В общем, никто не хотел, чтоб люди считали, что именно в них тыкал указующий перст. А мой отец тем временем продолжал: «Уверяю: каждый цент будет вложен в дело!» – и вызывал голограмму корабля, чтоб все сразу увидели, на что тратились.
Голограмму ставили в самой «Конкордии», и она действительно впечатляла. Огромный корабль, паривший над миром, начинал отстреливать свои модули вниз; сотней метеоров они проносились сквозь атмосферу, а очутившись на поверхности планеты, красиво раскладывались в дома, оранжереи, тепловые станции, ангары, ветряки… И все это – под какую-то древнюю музыку, которую в больших городах играют оркестры. Ты ощущал себя частью волшебства, порождённого движением механизмов; хотел оказаться там, в новом мире, увидеть настоящую трансформацию…
Впрочем, в полёте я её увидел – и чуть не свалился прямиком на пол рубки. Один из кораблей саморазбирался прямо в космосе. Модули отстреливались в никуда – и спустя время раскладывались в пустоте: дома́ шевелились, будто живые, пытаясь найти опору и закрепиться; ветряки ждали ветра, но его не было; тепловые станции взрывались, перегреваясь. Всё происходило беззвучно – никакого оркестра – и напоминало другое видео (тоже жуткое), которое я случайно посмотрел на спор: рыба, которую тянут с глубины, раздувается и взрывается от перепада давления. Корабль выглядел точь-в-точь как та рыба: потроха плавали повсюду, а скелет тем временем летел дальше, к миру назначения. Что он там станет делать? Благо, что это был автоматический грузовой корабль, а не пассажирский.

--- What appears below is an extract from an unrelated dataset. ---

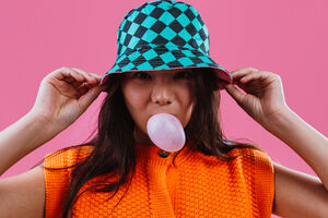 Chinese woman wearing orange knit sweater touching her checkered bucket hat and blowing bubble gum while standing against pink background in studio

Во всяком случае, так считал отец.
– Тут уж ничего не поделать, – сказал он мне. – В каком-то смысле это – тоже фантазия. Чья-то. Несбывшаяся. Понимаешь? Ну вот и славно.
Я уже не особо понимал, но помалкивал – вспоминая голограммы, на которых никогда не видел ничего похожего. Корабль всегда разбирался над планетой, успешно – в самом конце на поверхности вырастал небольшой город с башней на главной площади. Над ней реял флаг «Свободной планеты» – нейтрально-белый. Над этим однажды кто-то пошутил: «Не успели прилететь, а уже сдаются!» – но шутника быстренько вывели из зала, а отец объяснил, что флаг белый потому, что на нём может быть изображено всё, что только могут выдумать будущие поселенцы, а кому лень выдумывать, тому будут со скидкой предоставлены услуги дизайнера.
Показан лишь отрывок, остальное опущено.